Of the lines listed below, return exactly those that run from the line containing "Rectangular bag decorated" through the line containing "Pati, Gatra.com - Bertempat", both included.

> _DATA TO PROCESS_
##############################
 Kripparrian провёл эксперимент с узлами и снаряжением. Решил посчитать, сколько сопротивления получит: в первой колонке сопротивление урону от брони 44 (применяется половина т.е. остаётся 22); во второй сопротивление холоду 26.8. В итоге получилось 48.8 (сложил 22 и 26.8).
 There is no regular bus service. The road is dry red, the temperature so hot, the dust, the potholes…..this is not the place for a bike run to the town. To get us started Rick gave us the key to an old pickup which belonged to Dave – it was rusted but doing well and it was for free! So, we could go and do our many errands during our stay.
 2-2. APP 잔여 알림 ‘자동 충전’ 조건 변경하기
##############################
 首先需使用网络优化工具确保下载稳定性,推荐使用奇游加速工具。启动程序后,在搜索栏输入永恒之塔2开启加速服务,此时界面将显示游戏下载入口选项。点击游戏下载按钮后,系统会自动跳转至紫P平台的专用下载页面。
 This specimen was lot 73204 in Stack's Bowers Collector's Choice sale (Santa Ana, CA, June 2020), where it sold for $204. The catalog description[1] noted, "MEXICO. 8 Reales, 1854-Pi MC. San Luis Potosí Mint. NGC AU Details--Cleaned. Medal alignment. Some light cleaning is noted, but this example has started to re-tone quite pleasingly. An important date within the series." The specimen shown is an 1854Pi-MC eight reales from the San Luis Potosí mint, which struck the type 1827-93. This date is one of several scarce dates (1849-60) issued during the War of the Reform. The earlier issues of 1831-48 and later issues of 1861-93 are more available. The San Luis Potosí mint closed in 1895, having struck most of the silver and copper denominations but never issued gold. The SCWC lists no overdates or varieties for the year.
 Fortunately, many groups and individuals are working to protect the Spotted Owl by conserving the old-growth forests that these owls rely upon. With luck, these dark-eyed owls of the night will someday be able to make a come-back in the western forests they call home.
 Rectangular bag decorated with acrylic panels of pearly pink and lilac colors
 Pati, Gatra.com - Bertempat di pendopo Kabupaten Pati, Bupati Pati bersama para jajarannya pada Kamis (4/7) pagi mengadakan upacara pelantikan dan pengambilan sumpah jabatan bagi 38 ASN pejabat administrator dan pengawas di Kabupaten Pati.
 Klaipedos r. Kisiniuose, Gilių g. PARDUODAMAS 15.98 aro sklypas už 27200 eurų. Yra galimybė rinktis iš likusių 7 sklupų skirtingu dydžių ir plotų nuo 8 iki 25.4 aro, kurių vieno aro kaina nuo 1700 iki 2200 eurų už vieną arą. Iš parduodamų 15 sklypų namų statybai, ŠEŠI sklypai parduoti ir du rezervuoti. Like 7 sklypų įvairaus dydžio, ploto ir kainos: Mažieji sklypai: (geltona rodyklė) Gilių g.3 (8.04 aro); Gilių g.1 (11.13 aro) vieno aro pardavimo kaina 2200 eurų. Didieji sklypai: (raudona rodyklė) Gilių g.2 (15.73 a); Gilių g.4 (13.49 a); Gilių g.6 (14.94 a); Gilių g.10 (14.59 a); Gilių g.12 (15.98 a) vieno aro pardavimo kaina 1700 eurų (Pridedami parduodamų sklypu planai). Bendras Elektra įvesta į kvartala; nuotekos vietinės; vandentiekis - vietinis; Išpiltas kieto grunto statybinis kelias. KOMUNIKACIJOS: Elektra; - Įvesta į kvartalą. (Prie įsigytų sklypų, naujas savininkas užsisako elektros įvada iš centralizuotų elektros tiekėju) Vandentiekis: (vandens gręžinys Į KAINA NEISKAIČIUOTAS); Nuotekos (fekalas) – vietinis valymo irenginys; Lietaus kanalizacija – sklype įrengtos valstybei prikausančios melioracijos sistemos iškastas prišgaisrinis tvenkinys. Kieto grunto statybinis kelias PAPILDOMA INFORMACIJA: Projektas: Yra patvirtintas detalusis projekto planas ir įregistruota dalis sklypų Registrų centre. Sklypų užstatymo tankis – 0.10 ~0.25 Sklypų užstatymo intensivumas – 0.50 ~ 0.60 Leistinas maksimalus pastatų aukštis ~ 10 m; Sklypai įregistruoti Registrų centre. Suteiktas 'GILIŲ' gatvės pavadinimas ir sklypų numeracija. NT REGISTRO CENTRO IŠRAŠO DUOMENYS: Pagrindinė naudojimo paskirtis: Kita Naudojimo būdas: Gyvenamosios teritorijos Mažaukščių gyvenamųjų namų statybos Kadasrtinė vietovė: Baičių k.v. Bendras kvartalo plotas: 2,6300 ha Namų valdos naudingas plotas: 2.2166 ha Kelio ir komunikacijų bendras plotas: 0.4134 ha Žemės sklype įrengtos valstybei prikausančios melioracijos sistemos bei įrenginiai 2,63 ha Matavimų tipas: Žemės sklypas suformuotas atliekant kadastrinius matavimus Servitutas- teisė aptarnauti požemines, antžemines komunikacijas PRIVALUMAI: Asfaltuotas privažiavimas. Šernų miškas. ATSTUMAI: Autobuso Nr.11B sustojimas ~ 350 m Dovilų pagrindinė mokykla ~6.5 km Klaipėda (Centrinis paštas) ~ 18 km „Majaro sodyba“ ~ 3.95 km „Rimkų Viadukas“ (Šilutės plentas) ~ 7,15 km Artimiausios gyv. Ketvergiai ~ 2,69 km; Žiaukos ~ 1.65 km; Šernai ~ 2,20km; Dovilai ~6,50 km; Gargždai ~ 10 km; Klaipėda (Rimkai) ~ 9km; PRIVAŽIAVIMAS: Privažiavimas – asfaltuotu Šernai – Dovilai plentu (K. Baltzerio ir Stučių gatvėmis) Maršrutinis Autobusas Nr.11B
##############################
> _SOLUTION FOR THIS TASK_
 Rectangular bag decorated with acrylic panels of pearly pink and lilac colors
 Pati, Gatra.com - Bertempat di pendopo Kabupaten Pati, Bupati Pati bersama para jajarannya pada Kamis (4/7) pagi mengadakan upacara pelantikan dan pengambilan sumpah jabatan bagi 38 ASN pejabat administrator dan pengawas di Kabupaten Pati.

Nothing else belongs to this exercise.